Your assignment: Transcribe only the lines in the data below falling between the line with "フットパネルが床にピタッとつ" and the line with "Заглушка для профиля", including those two lines, and leave out any picture.

Supplied records:
======

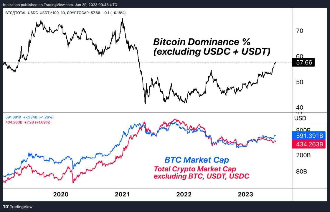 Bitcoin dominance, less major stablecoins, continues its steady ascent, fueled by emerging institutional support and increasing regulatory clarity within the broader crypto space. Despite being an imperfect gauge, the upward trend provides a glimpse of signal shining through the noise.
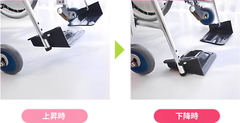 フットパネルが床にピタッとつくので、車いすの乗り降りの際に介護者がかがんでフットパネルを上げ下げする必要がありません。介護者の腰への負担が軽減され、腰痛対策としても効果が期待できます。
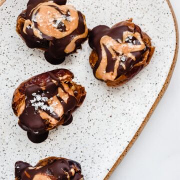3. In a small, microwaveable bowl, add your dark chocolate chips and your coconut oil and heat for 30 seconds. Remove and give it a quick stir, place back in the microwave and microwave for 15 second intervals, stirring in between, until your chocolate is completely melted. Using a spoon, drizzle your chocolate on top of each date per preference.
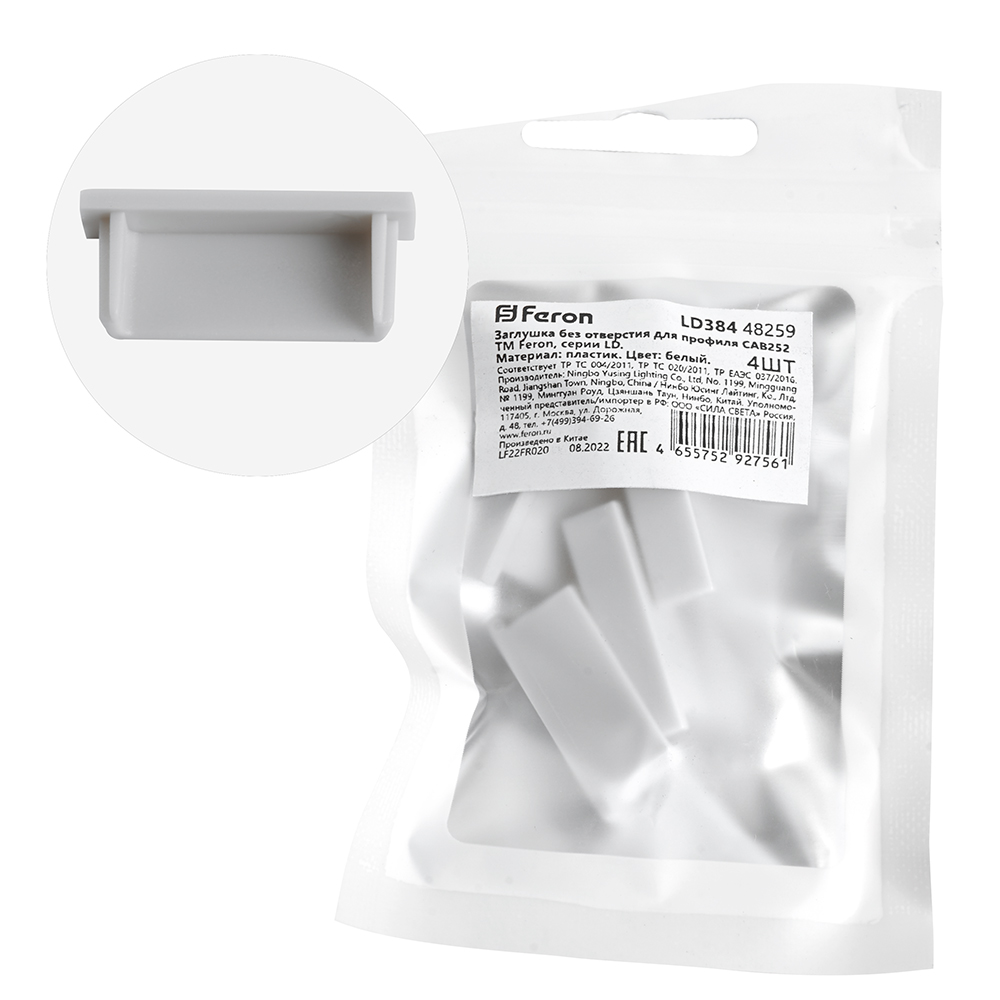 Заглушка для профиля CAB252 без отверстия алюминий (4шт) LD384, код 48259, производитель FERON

======

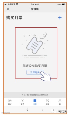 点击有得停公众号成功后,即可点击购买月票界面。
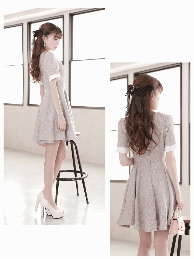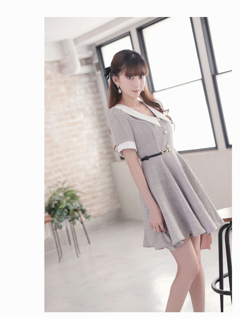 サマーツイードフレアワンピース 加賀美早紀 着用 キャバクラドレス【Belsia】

======

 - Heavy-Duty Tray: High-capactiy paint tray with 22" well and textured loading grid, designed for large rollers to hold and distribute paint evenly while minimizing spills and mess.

======

Expected output:
 フットパネルが床にピタッとつくので、車いすの乗り降りの際に介護者がかがんでフットパネルを上げ下げする必要がありません。介護者の腰への負担が軽減され、腰痛対策としても効果が期待できます。
3. In a small, microwaveable bowl, add your dark chocolate chips and your coconut oil and heat for 30 seconds. Remove and give it a quick stir, place back in the microwave and microwave for 15 second intervals, stirring in between, until your chocolate is completely melted. Using a spoon, drizzle your chocolate on top of each date per preference.
 Заглушка для профиля CAB252 без отверстия алюминий (4шт) LD384, код 48259, производитель FERON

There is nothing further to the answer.